Using the data that follows, return exactly the lines from the one that contains "AAH Phlebotomy Practice" through the one that contains "عقد وزير الداخلية،", ends included.

[INPUT FOR THIS TASK]

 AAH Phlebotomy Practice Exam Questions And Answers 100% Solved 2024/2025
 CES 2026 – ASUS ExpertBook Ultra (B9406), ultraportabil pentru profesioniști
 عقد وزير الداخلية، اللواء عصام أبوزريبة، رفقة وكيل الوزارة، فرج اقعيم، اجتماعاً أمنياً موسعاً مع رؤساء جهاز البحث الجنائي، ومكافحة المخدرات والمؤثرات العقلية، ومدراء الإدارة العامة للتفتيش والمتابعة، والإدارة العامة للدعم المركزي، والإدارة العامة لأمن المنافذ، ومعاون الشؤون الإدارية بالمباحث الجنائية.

[/INPUT FOR THIS TASK]
[INPUT FOR THIS TASK]

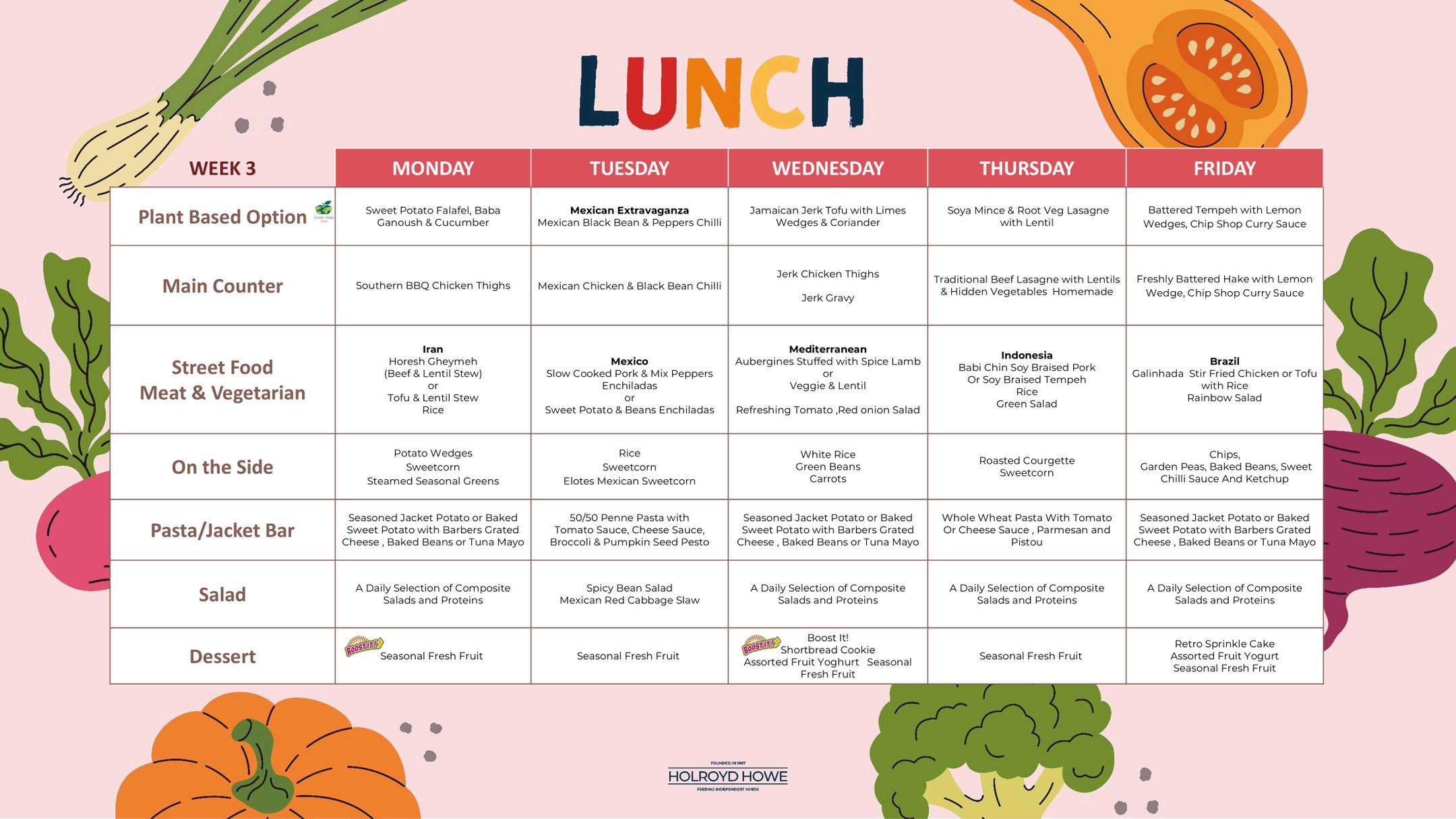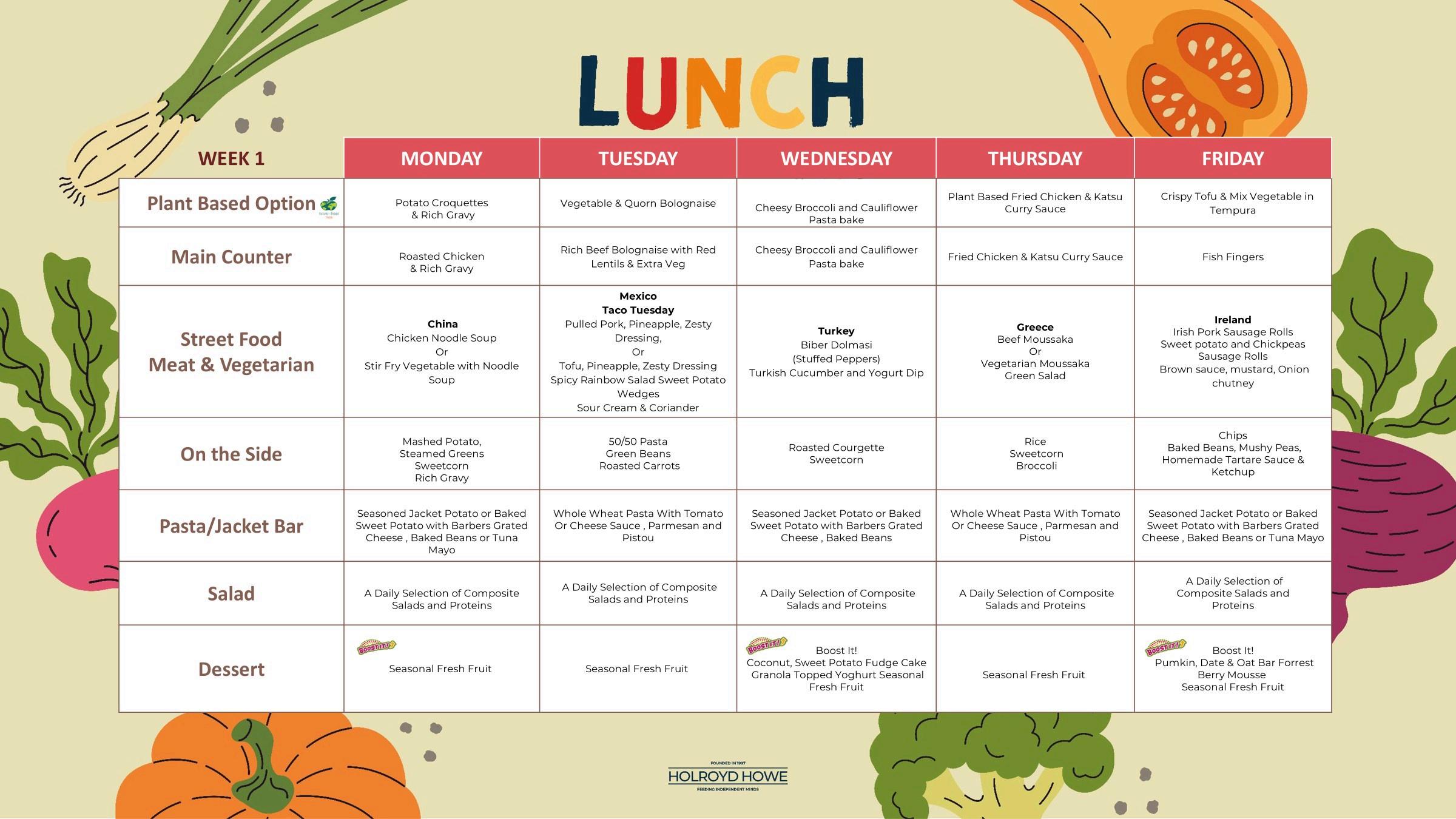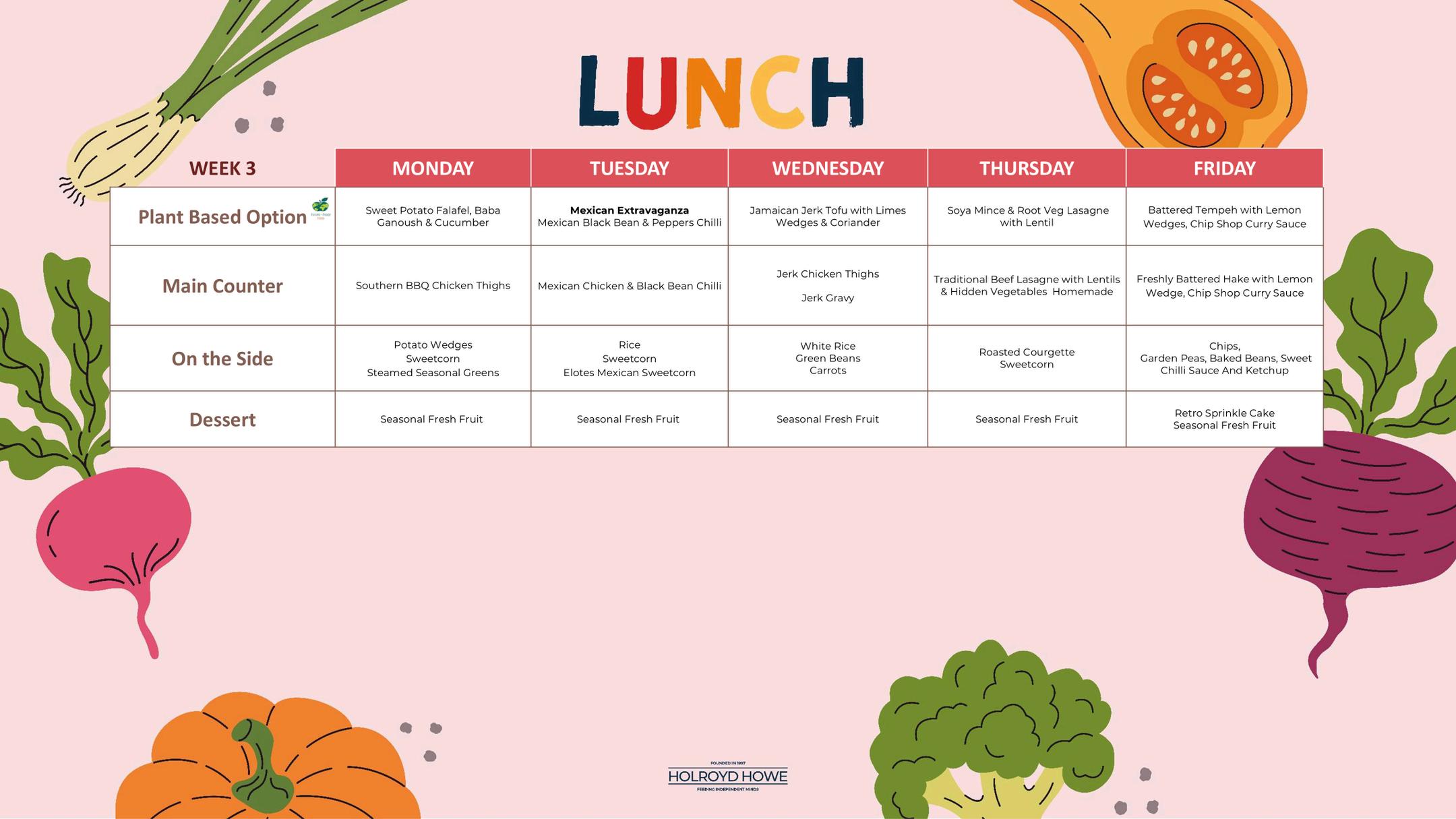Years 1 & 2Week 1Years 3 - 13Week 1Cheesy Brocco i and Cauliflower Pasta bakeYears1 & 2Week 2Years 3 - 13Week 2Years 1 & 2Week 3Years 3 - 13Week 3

[/INPUT FOR THIS TASK]
[INPUT FOR THIS TASK]

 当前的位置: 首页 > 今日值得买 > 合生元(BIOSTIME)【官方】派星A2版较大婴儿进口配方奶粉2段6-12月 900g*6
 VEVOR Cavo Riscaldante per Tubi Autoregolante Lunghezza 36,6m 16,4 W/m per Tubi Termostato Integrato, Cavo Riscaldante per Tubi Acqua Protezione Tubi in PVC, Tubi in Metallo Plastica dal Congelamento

[/INPUT FOR THIS TASK]

## SOLUTION BELOW
 AAH Phlebotomy Practice Exam Questions And Answers 100% Solved 2024/2025
 CES 2026 – ASUS ExpertBook Ultra (B9406), ultraportabil pentru profesioniști
 عقد وزير الداخلية، اللواء عصام أبوزريبة، رفقة وكيل الوزارة، فرج اقعيم، اجتماعاً أمنياً موسعاً مع رؤساء جهاز البحث الجنائي، ومكافحة المخدرات والمؤثرات العقلية، ومدراء الإدارة العامة للتفتيش والمتابعة، والإدارة العامة للدعم المركزي، والإدارة العامة لأمن المنافذ، ومعاون الشؤون الإدارية بالمباحث الجنائية.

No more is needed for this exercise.